Pages

Wednesday, September 9, 2009

Its 5 AM --Let The Woman Sleep

I ride the 4:26am Metra train every morning to work and in-between nodding off and listening to "that stupid rap shit" as my mother calls it, I see this woman get on maybe 5 stops and 15 minutes from my stop. The woman is a cute little thing. She's light-skinned, has an okay looking face, but her body --oh my goodness! Her body is off the chain like a hungry pit bull. I'd say she's in her late 30s - early 40s. She always has her blackberry and her book, and she's always receiving texts from her boyfriend while she's trying to get her read on. She responds quickly with no facial expression or body language indicating that she's happy to get a text, then he hits her back and this goes on for at least another 15 - 20 minutes.

Yes, I'm awfully nosy, but I'm also very observant. At first I'm like "damn, who the fuck could that be texting this woman every morning at the crack ass of dawn when its still dark outside. It couldn't be her kids because why would they be up at a quarter to 5:00 am? If they had to go to school away from their house then they would be on the same train as their mama, plus kids are fucking lazy anyway. It wouldn't be her parents because most people in that 55+ age group don't text. It wouldn't be a friend unless he or she is trying to become her lover.
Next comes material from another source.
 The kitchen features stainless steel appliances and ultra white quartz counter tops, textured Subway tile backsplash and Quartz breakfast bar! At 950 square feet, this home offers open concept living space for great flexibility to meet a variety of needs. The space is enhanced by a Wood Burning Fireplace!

The only person who would have the latitude to get away with texting her or anyone else for that matter is her boyfriend or her husband. Looked at her ring finger, NO RING. That eliminates the possibility of him being a husband, so now I'm wondering "cot damn, don't you have anything else better to do than keeping tabs on your woman at 5:00 am. You mean to tell me that you ain't got shit else going in your life beyond keeping tabs --BEFORE BREAKFAST?" At least have a bowl of Lucky Charms first! Its one thing if you text your sweetie and say have a good day and not expect a response beyond "you too sweetie" --especially if they don't live together but more than likely they're shacking up and he's keeping tabs on her. He's probably the type of dude who would give her 20 questions if he texted her before 5:00 am and didn't get a response because she nodded off or something. Hell, he might even beat the fuck out of her when she gets home for not responding in a timely manner. And who the fuck is so jealous of their lover that they have to keep tabs on her before sunrise?
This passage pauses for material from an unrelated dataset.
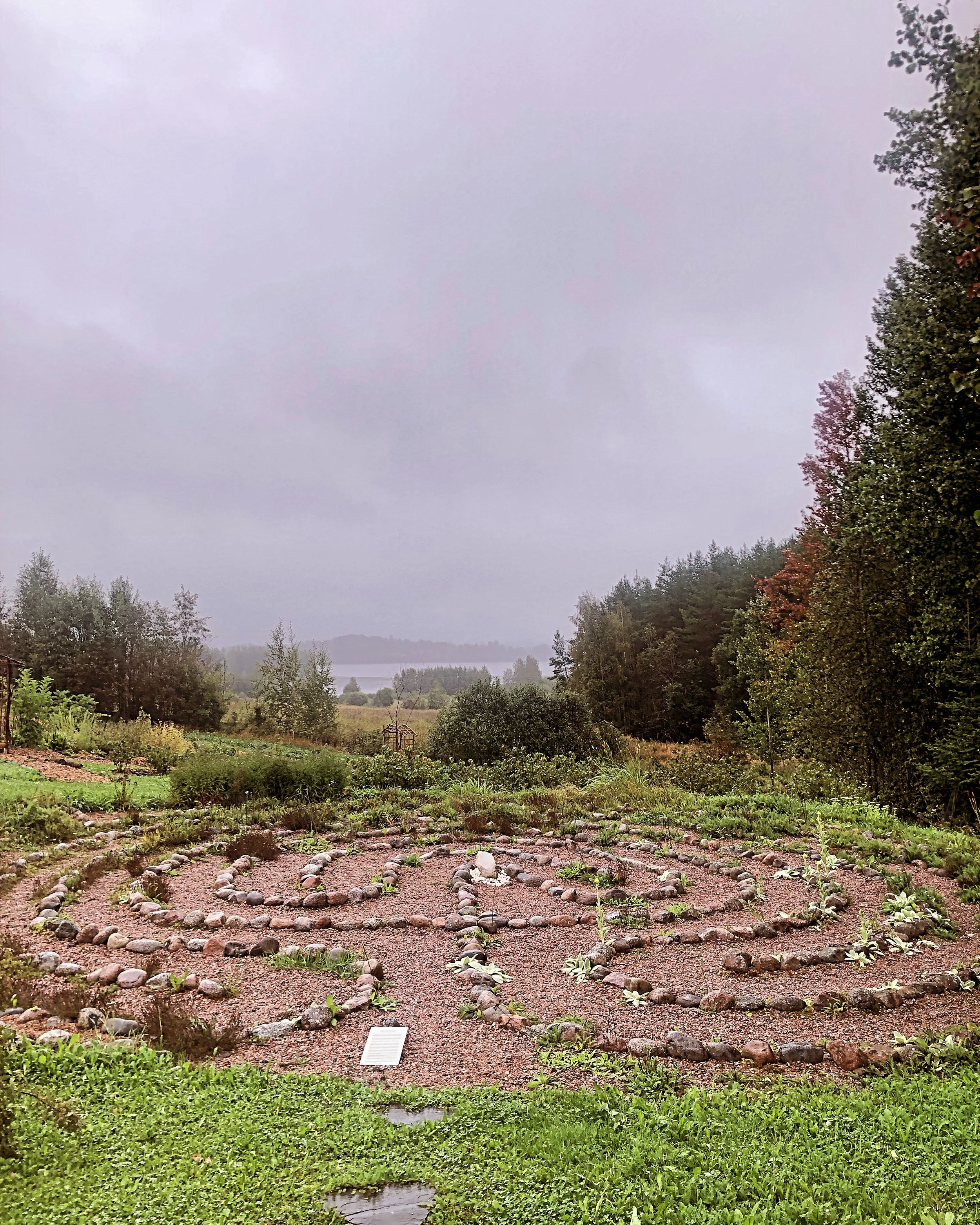 Teemme kävelymeditaation labyrintin polkuja kulkien osana jatulintarhaseremoniaa.

I'm sorry, I think its quite unreasonable to expect a woman to be Johnny on the spot in responding that time of the morning, and her ass shouldn't have started that bullshit with him. She would be better off telling that man under no uncertain terms to get a fucking job because after he's satisfied with her responses the lazy fucker is rolling back over in the bed to sleep until noon while she's at work for the day. And yes the motherfucker's unemployed, because a gainfully employed motherfucker working 40+ hours a week doesn't have time to bullshit his sleep time texting and keeping tabs.

Why do women put up with shit like that? And why do men engage in shit like that?